Emsal Mahkeme Kararı İstanbul Bölge Adliye Mahkemesi 13. Hukuk Dairesi 2019/532 E. 2020/1217 K. 05.11.2020 T.

Görüntülediğiniz mahkeme kararı kesinleşmiş bir karardır.

T.C.
İSTANBUL
BÖLGE ADLİYE MAHKEMESİ
13. HUKUK DAİRESİ
DOSYA NO: 2019/532 Esas
KARAR NO: 2020/1217 Karar
T Ü R K M İ L L E T İ A D I N A
İ S T İ N A F K A R A R I
İNCELENEN KARARIN
MAHKEMESİ: İSTANBUL 17. ASLİYE TİCARET MAHKEMESİ (DENİZCİLİK VE İHTİSAS MAHKEMESİ SIFATIYLA)

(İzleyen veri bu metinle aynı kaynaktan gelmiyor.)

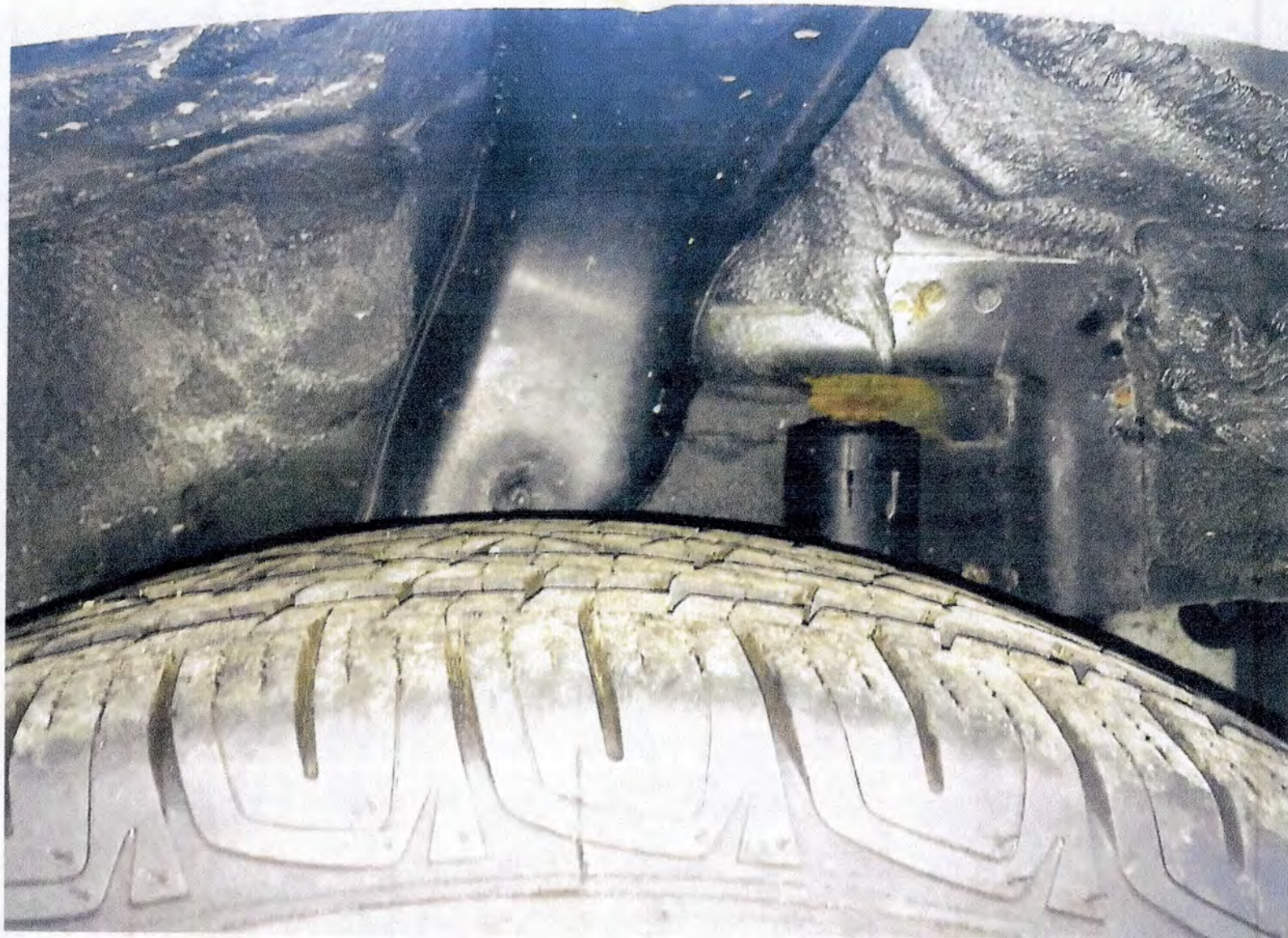
LEFT FRONT SHOCK

NUMARASI: 2015/582 Esas – 2018/263 Karar
TARİH: 28/06/2018
DAVA: İtirazın İptali
KARAR TARİHİ: 05/11/2020
İlk derece Mahkemesinde yapılan inceleme sonucunda verilen karara karşı istinaf kanun yoluna başvurulmuş olmakla dava dosyası incelendi:
TARAFLARIN İDDİA VE SAVUNMASININ ÖZETİ: Davacı vekili dava dilekçesi ile, müvekkili sigorta şirketine nakliyat emtia sigorta poliçesi ile sigortalı olan dizel jeneratörün İstanbul’dan, Rostov limana deniz yolu ile oradan demir yolu ile Kazakistan’a taşındığını, emtiaların taşıma neticesinde hasara uğradıklarının tespit edildiğini, ekspertiz raporunda konteynerde zemine bağlayan civataların kırılmış ve her iki jenaretöründe konteyner içinde ileri kaymış olması sebebi ile hasarın yükleme – boşaltma işlemi sırasında meydana gelmiş olamayacağının ifade edildiğini, 19/03/2014 tarihinde ön rapor sonrasında da 23/04/2014 tarihinde hasar raporunun tanzim edildiğini ve jeneratörlerin değiştirilmesi gerektiğinin belirtildiği, davalı tarafından 17/02/2014 tarihli navlun faturasının düzenlendiğini ve demir yolu taşımasının da davalı tarafından gerçekleştirildiğini, müvekkili sigorta şirketi tarafından sigortalısına hasar tazminatının ödendiğini ve TTK ‘nın 1472. Maddesine göre sigortalısının haklarına halef olduğunu, belirterek alacağın tahsili amacıyla İstanbul … İcra Müdürlüğünün … esas sayılı icra dosyasında icra takibi başlatıldığını, davalının haksız itirazı ile takibin durduğunu belirterek, iptali ile icra takibinin devamına, davalı aleyhine % 20 den az olmamak kaydı ile icra inkar tazminatına hükmedilmesine, yargılama giderleri ile vekalet ücretinin davalılara yükletilmesine karar verilmesini talep etmiştir. Davalı vekili cevap dilekçesi ile, şirketin taşıma aracının bulunmadığını, taşımayı dava dışı şirketlerin yaptığını, deniz taşıması akabinde tren yolu ile emtianın Rusya’da taşındığını, davacı tarafçada hasarın deniz taşımasında olmayıp muhtemelen tren ile nakliyatı esnasında olduğundan bahsedildiğini, hasar ile ilgili bilginin şirketlerine verilmediğini, emtiaların mühürlü olarak teslim alınıp ürünün içeriğinin beyan edilen ürün olup olmadığından dahi haberlerinin bulunmadığını, malların uygunsuz paketlenmesi nedeni ile oluşacak hasardan sorumluluklarının bulunmadığını belirterek davanın reddine, alacaklı aleyhine alacağın % 20 ‘sinden az olmamak üzere icra inkar tazminatına hükmedilmesine, yargılama giderleri ve vekalet ücretinin davacıya yükletilmesine karar verilmesini talep etmiştir.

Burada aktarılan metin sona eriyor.